■ What to work on: With the pictures excluded, output only the lines from the one containing "Los pobladores de" through the last line of the entries, unchanged.
----- Dataset extract
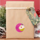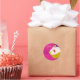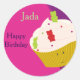 Pegatina con una tarta de oso de chicle sonriente. Este diseño tiene un fondo rosa y violeta. Este artículo muestra las palabras Feliz Cumpleaños y un nombre de personalizable.
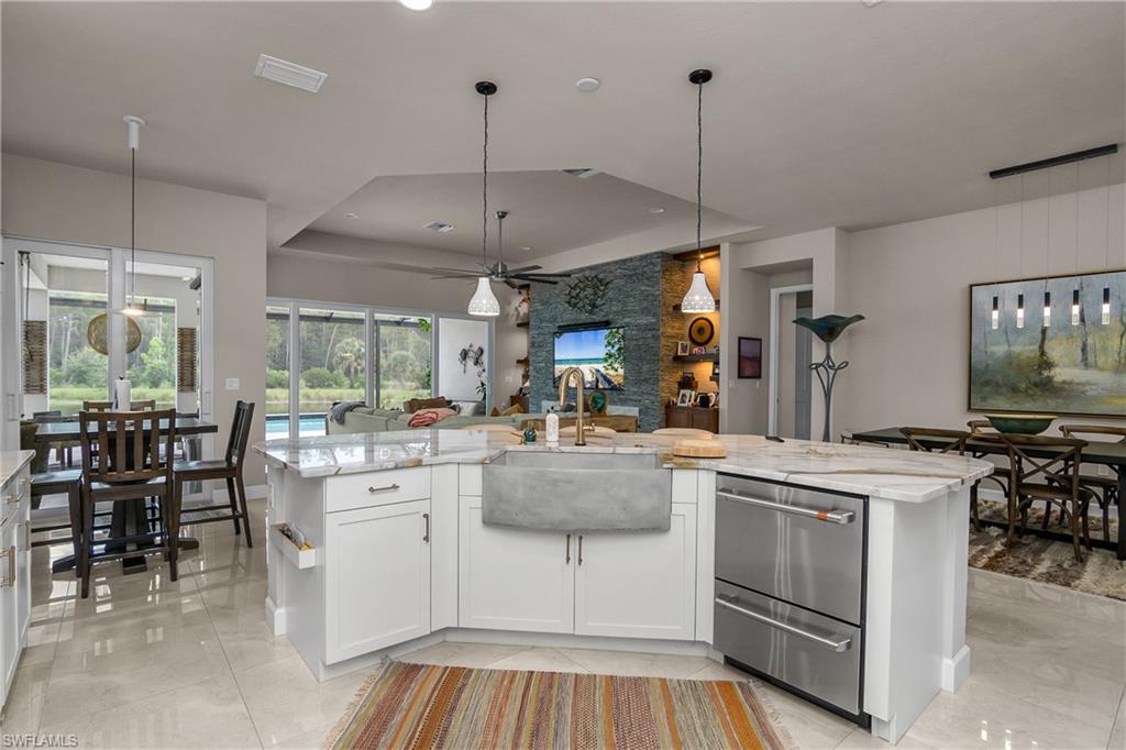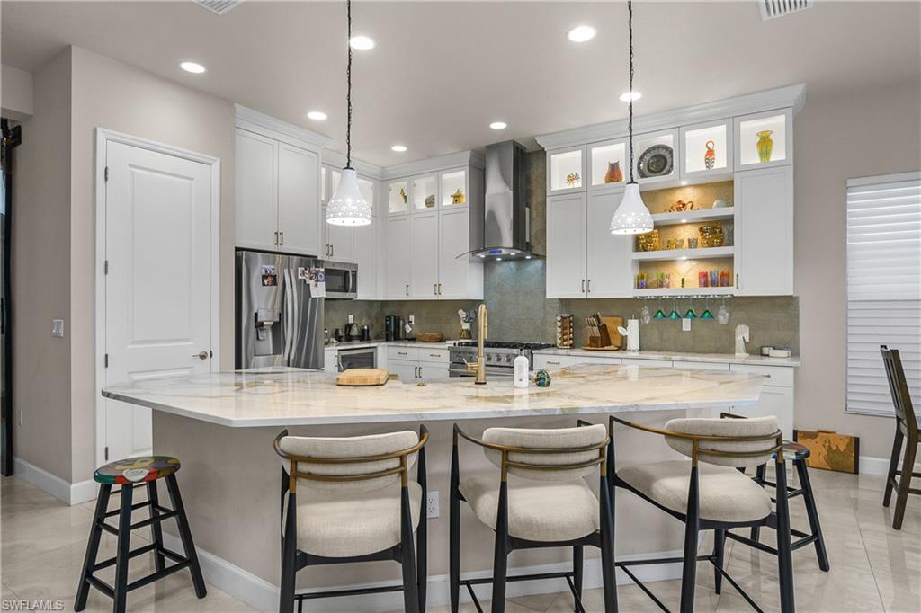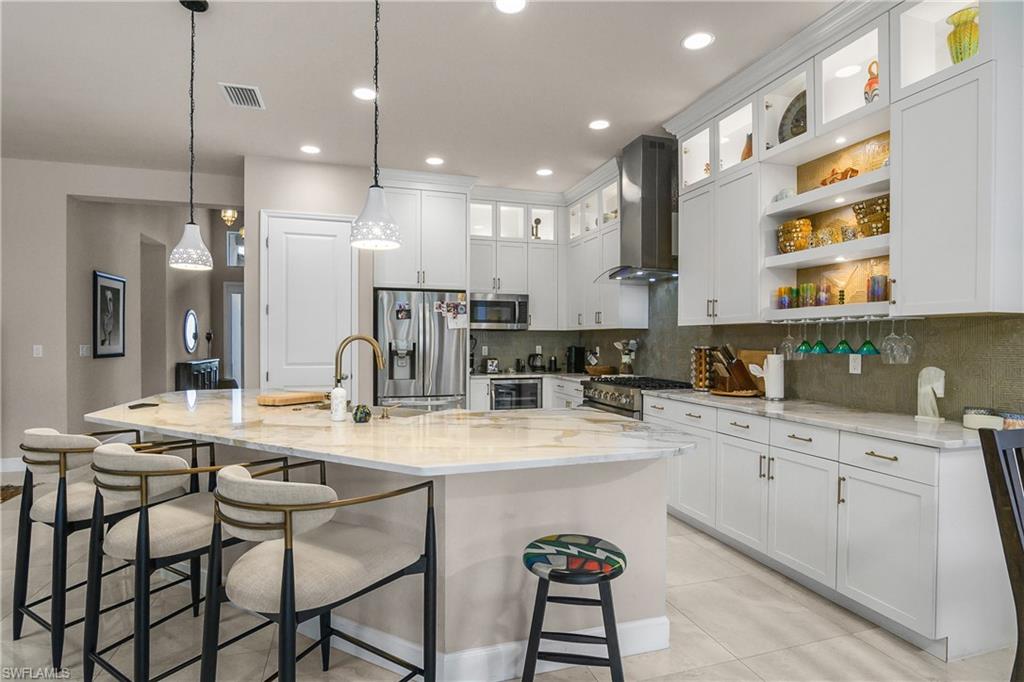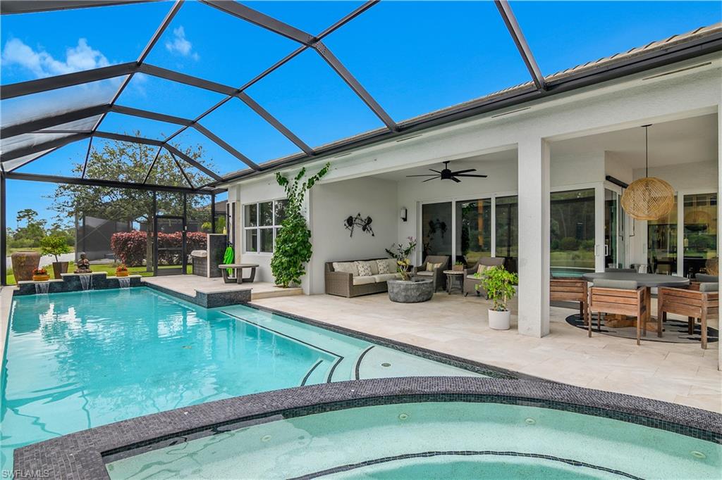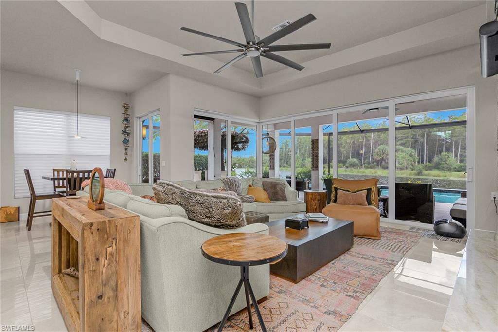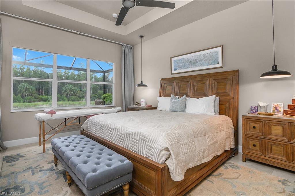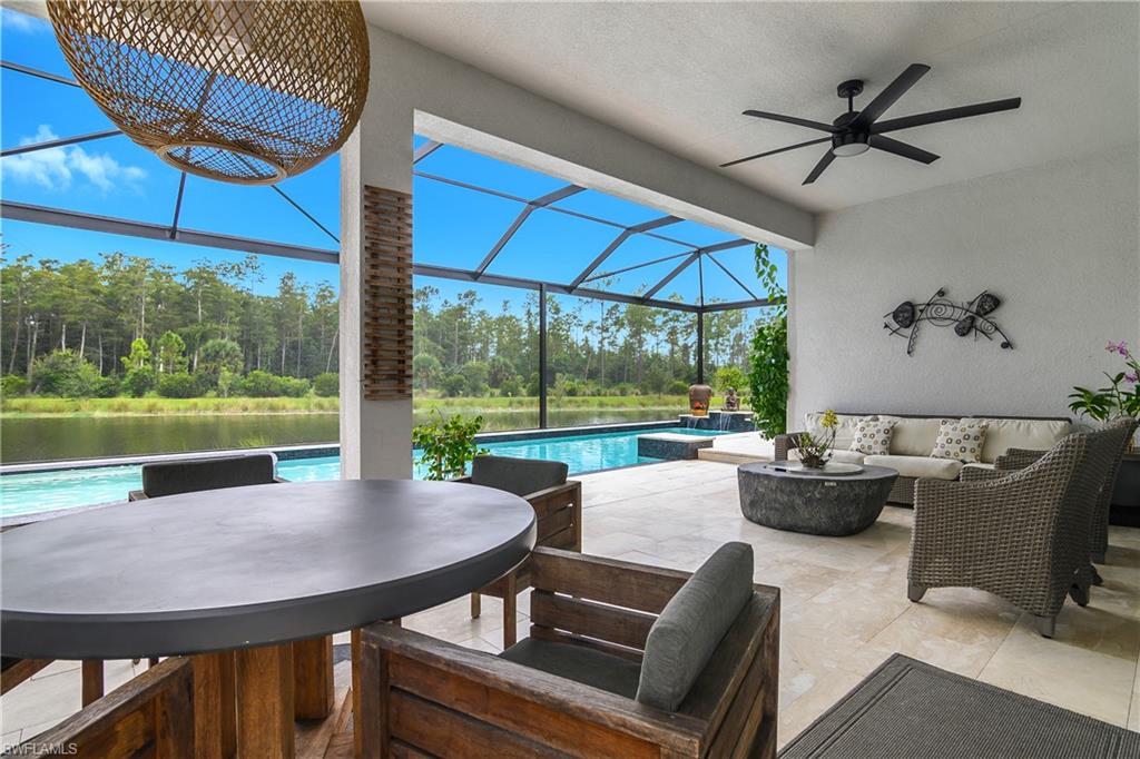 Welcome to this stunning Chandon model home in the highly sought-after 55+ community of Valencia Bonita. This beautiful Chandon model has one of if not the BEST WATER AND PRESERVE VIEWS on a perfectly, extremely private pie shaped lot. This home has been significantly upgraded which features upgraded porcelain tile throughout (no carpet), gorgeous custom barn doors to den, a gourmet kitchen with 6 burner professional grade gas stove, beautiful granite, stone farmhouse sink, counter depth refrigerator, open lighted shelves and lighted cabinets going to ceiling, along with a custom glass back splash and a double dishwasher. The living room features a stone accent wall with custom built in cabinets, open lighted shelves, electric fireplace, and recessed TV. The hurricane sliding doors collapse on both sides to allow for true open indoor/outdoor living. The outdoor space includes gas plumped to the fire pit and outdoor tiki Hut. The tiki hut has 2 under counter refrigerators, a tv, and large grill with logs of counter space to entertain. The hot tub seats 12+ people! The pool is long enough to do laps and afterwards you can rinse off with your outdoor shower which has both hot and cold water. Valencia Bonita offers a premier active adult lifestyle, with full-time sports and social directors, eight pickleball courts, eight tennis courts, state-of-the-art fitness facilities, art and activity studios, and a full calendar of entertainment and social clubs. As a newer community, it is easy to connect with neighbors and build lasting friendships. This home is attractively priced for a quick sale and is available for closing as soon as 30 days. For more information or to schedule a private showing, please contact the homeowner, Nancy Wilson, at 704-651-5181.
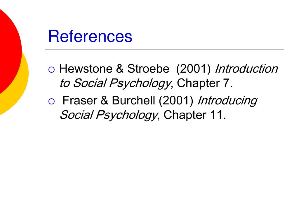 References • Hewstone & Stroebe (2001) Introduction to Social Psychology, Chapter 7. • Fraser & Burchell (2001) Introducing Social Psychology, Chapter 11.
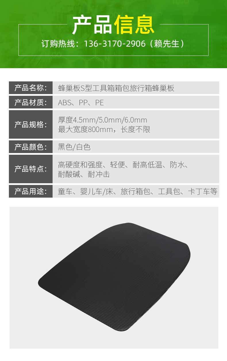 名称:蜂巢板S型工具箱箱包旅行箱蜂巢板
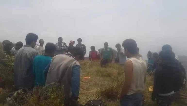 Los pobladores de la comunidad, se reunieron y determinaron que subirían al cerro para orar por agua al Señor. Desde primeras horas los comunarios subieron a una colina para pedir el líquido elemento. || Red Uno.
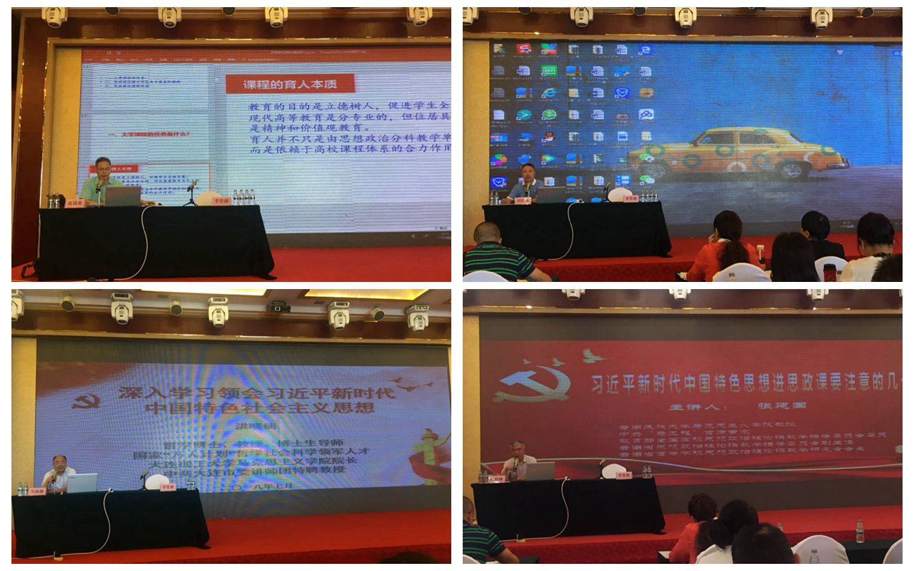 开幕式后,高国希、刘经伟、洪晓楠、张建国4位专家分别作立德树人与思想政治理论教育、习近平生态文明观的哲学意蕴、深刻领会习近平新时代中国特色社会主义思想、习近平新时代中国特色思想进思政课要注意的几个问题的主旨演讲;嘉兴职业技术学院、武汉职业技术学院、中国民用航空飞行学院、西华大学、济源职业技术学院及我校6所高校思政教师围绕本校思政课程进行展示,200名专家学者、代表对党的十九大精神如何进课堂、进学生头脑发表了自己看法,研究和讨论全面学习贯彻十九大精神的做法和体会以及各高校创新思政课的新举措。
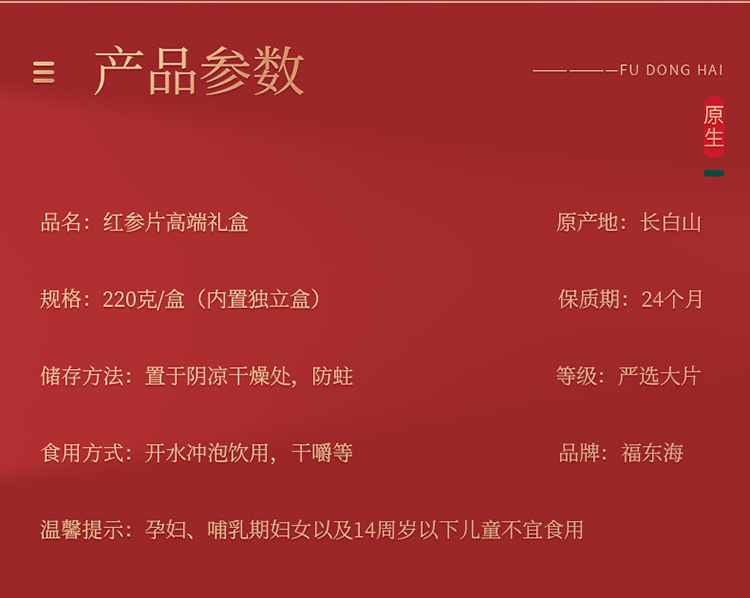 福东海 长白山红参220克/瓶送礼礼盒
----------
■ Output of the task:
 Los pobladores de la comunidad, se reunieron y determinaron que subirían al cerro para orar por agua al Señor. Desde primeras horas los comunarios subieron a una colina para pedir el líquido elemento. || Red Uno.
 开幕式后,高国希、刘经伟、洪晓楠、张建国4位专家分别作立德树人与思想政治理论教育、习近平生态文明观的哲学意蕴、深刻领会习近平新时代中国特色社会主义思想、习近平新时代中国特色思想进思政课要注意的几个问题的主旨演讲;嘉兴职业技术学院、武汉职业技术学院、中国民用航空飞行学院、西华大学、济源职业技术学院及我校6所高校思政教师围绕本校思政课程进行展示,200名专家学者、代表对党的十九大精神如何进课堂、进学生头脑发表了自己看法,研究和讨论全面学习贯彻十九大精神的做法和体会以及各高校创新思政课的新举措。
 福东海 长白山红参220克/瓶送礼礼盒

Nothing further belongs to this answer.